© Neda Navaee

We Are Family – the 1979 hit song – could have been penned for Freddy Kempf and the Royal Philharmonic Orchestra. The relationship between the concert pianist and the Orchestra goes back to 1985 when, aged just eight years old, Kempf made his concerto debut performing Mozart’s Piano Concerto No.12 in A major, K.414.

“I’d been spotted playing at various music festivals and it was suggested I give a concert with the RPO,” Kempf – now 37 – tells me, midway through a concert tour he is undertaking in Russia.

It was a life-changing event. The young Kempf had already begun to be noticed, but his RPO concert fanned the flames of his emerging talent. Within two years, he’d won the National Mozart competition, before two years after that, winning BBC Young Musician of the Year.

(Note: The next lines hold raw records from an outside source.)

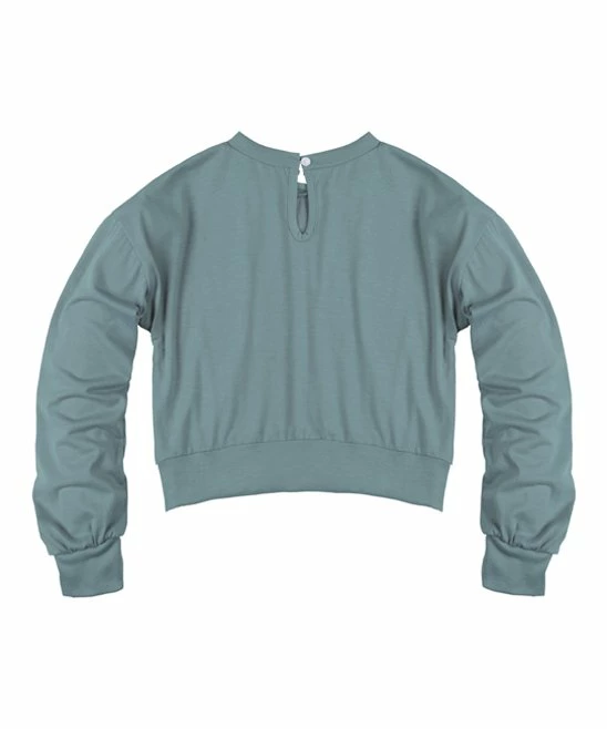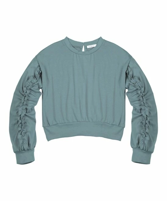 Ruffle detail adds a fun flourish to the long sleeves of this stretch-enhanced top.
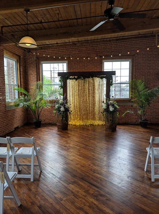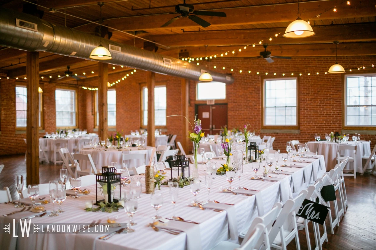 Built in 1918, the Carlisle Ribbon Mill offers a unique loft-style atmosphere perfect for various events and social gatherings. The venue features natural brick walls, exposed wood beams, and maple flooring, creating a warm and inviting environment for weddings, receptions, anniversaries, birthdays, reunions, private parties, banquets, and corporate/business meetings. The historic charm combined with modern amenities makes it a versatile and appealing choice for your special day.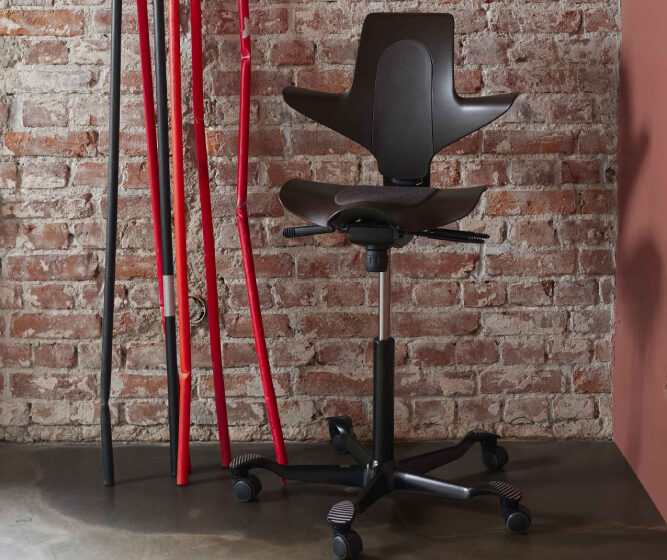 The HÅG Capisco Puls ‘Snow Plough Marker’ chair turns trash from the roadsides of Norway and turns it into treasure. A new collaboration between Flokk, the Norwegian Public Roads Commission (Statens Vegvesen) and the makers of the snowplough markers (Våler Vekst) has seen 7.5 tonnes of broken and unusable markers recycled into ergonomic task chairs for active sitting.
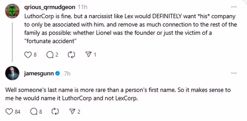 Después de que otro usuario respondió, “LuthorCorp está bien, pero un narcisista como Lex DEFINITIVAMENTE querría que *su* empresa solo estuviera asociada con él y eliminara la mayor conexión posible con el resto de la familia; ya sea que Lionel fuera el fundador o simplemente la víctima de un “accidente afortunado”” Gunn explicó que, “Bueno, el apellido de alguien es más raro que el nombre de una persona. Así que tiene sentido para mí que lo llame LuthorCorp y no LexCorp”.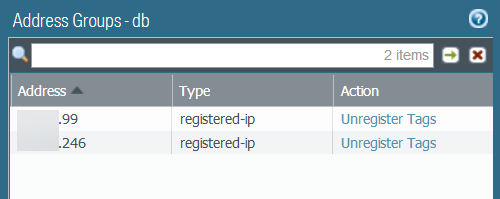column of a dynamic address group. Panorama displays a list of IP addresses added to that dynamic address group based on the match criteria you specified.

“Some years later when I was eighteen and in the US, I was chatting with some student friends about the UK music scene,” he says. “They were amazed that by that age I’d played the Tchaikovsky concerto twenty times. I told them it was all down to the UK’s unique professional and semi-professional music scene that gives young musicians an opportunity they won’t get anywhere else in the world.”

Today, Kempf really values his long relationship with the RPO. As a student at the Royal Academy of Music, many of the Orchestra’s current members were his friends and contemporaries. Now, as a soloist travelling the world often on his own, he says it’s wonderful to meet up with them for performances.

“There’s a chemistry between us,” he says. “A concert pianist’s life can be lonely, but it’s been nice growing up with the RPO and working with its players. They’re my friends, and the RPO is like a second family to me.”

And now we can enjoy the fruits of that relationship when Kempf and the Royal Philharmonic Orchestra perform Grieg’s Piano Concerto at Hull City Hall on Thursday 28 May and at Cambridge Corn Exchange on Saturday 30 May. The pianist regards it as a very special concerto. Considering how many he has in his repertoire, he actually came to it later in life. He says, simply, that he loves it.

“It’s so well written and contains some of the most beautiful music you’re ever likely to hear in a concert hall. It’s fantastic and I always enjoy playing it.”